-- PROVIDED MATERIAL follows --

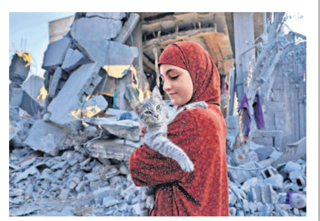
A Palestinian girl carries a cat as she inspects the damage caused by Israeli bombardment in Rafah, Gaza Strip.

President Joe Biden vowed to show the world that the US stands in solidarity with Israelis during his visit there on Wednesday, and offered an assessment that the deadly explosion at a Gaza Strip hospital apparently was not carried out by the Israeli military.
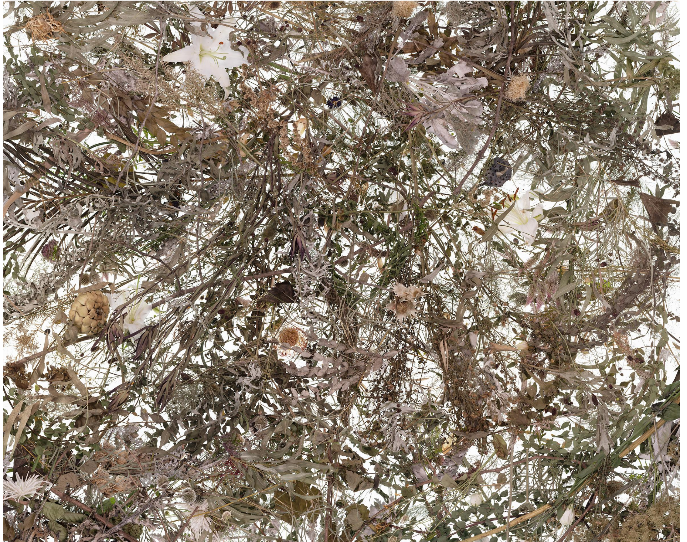
Metempsychosis 2022-4, 2022 Archival pigment print 31 1/2 x 39 3/8 inches (80 x 100 cm) Edition of 5
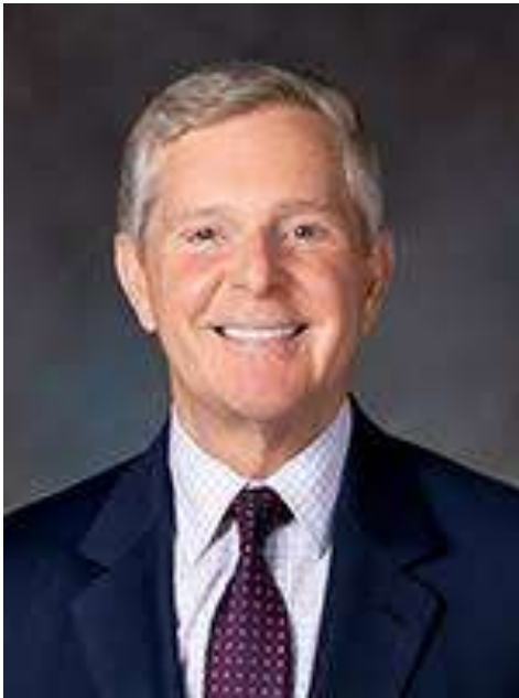
Sen. Phil King - R
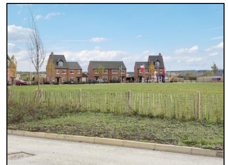
View To Front
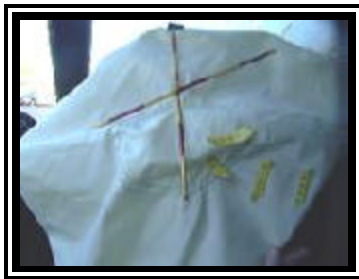
Figure 6. 1998 Dodge Neon redesigned driver air bag.

The front right passenger air bag deployed from the right mid-instrument panel area with a single cover flap design hinged at the top aspect. There was no contact evidence identified on the redesigned passenger air bag or exterior surface of the module cover flap. The cover flap was rectangular in shape and measured 35.0 cm (13.8 in) in width and 16.0 cm (6.3 in) in height. The NASS researcher measured the passenger air bag at 55.0 cm (21.7 in) in width and 54.0 cm (21.3 in) in height in its deflated state ( Figure 7 ). No tether straps were present. The bag was vented by one port at the 12 o'clock sector on the rear aspect of the air bag.

-- PROVIDED MATERIAL concluded --

- **ACTION ITEM**: Both boundary lines included, write out word for word only the lines above from the one containing "Metempsychosis 2022-4, 2022" to the one containing "Figure 6. 1998", leaving out any pictures.

- **RESULT OF THIS EXERCISE**:
Metempsychosis 2022-4, 2022 Archival pigment print 31 1/2 x 39 3/8 inches (80 x 100 cm) Edition of 5
Sen. Phil King - R
View To Front
Figure 6. 1998 Dodge Neon redesigned driver air bag.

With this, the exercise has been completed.